Critics of the bill will likely complain that making it easier to drink in public could lead to public safety concerns, not to mention nuisances for neighbors.

But Wiener rejected that logic. “People have access to all the alcohol they want now,” he said. “This isn’t about how much people drink. It’s about how much flexibility we’re giving to these small businesses.”

Here’s an outline of the specific proposals included in SB314.

• Sidewalk dining could be here to stay. The expansion of alcohol service into outdoor spaces like streets, parking lots, alleys and sidewalks, temporarily allowed during the pandemic, would become permanent if cities choose to allow it.

• Cities and counties could create open-container zones in which people can purchase and consume alcohol in public outdoor areas.

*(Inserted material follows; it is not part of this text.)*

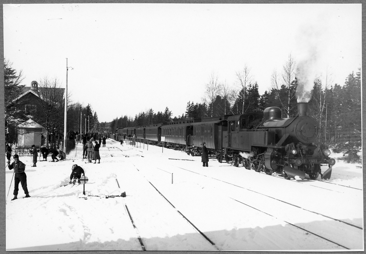 Göteborg - Borås Järnvägar, GBJ S 23 med personvagnar vid Hindås station.

This wouldn’t need to be 24/7 — open-container policies might be allowed in a given area only on weekend nights, for example, or only during a certain festival.

• Bars and restaurants could more easily share spaces with other businesses. This could allow a café to operate in a space during the daytime and a bar to take over at night. It could allow businesses with two different alcohol licenses to share operating space, which would help pop-ups. Separate businesses could also use a shared consumption space for their customers, either indoors or outdoors.

• The protest period for new liquor licenses, which now can last multiple years, would be capped at six months.

• Licensing for catering would become more flexible, making it easier for restaurants to apply for catering licenses and expanding the number of times they can provide catering services per year.

• A new type of liquor license specific to entertainment venues would be created. Currently, concert halls and nightclubs have to get restaurant liquor licenses, which requires them to have full kitchens. This would eliminate that requirement.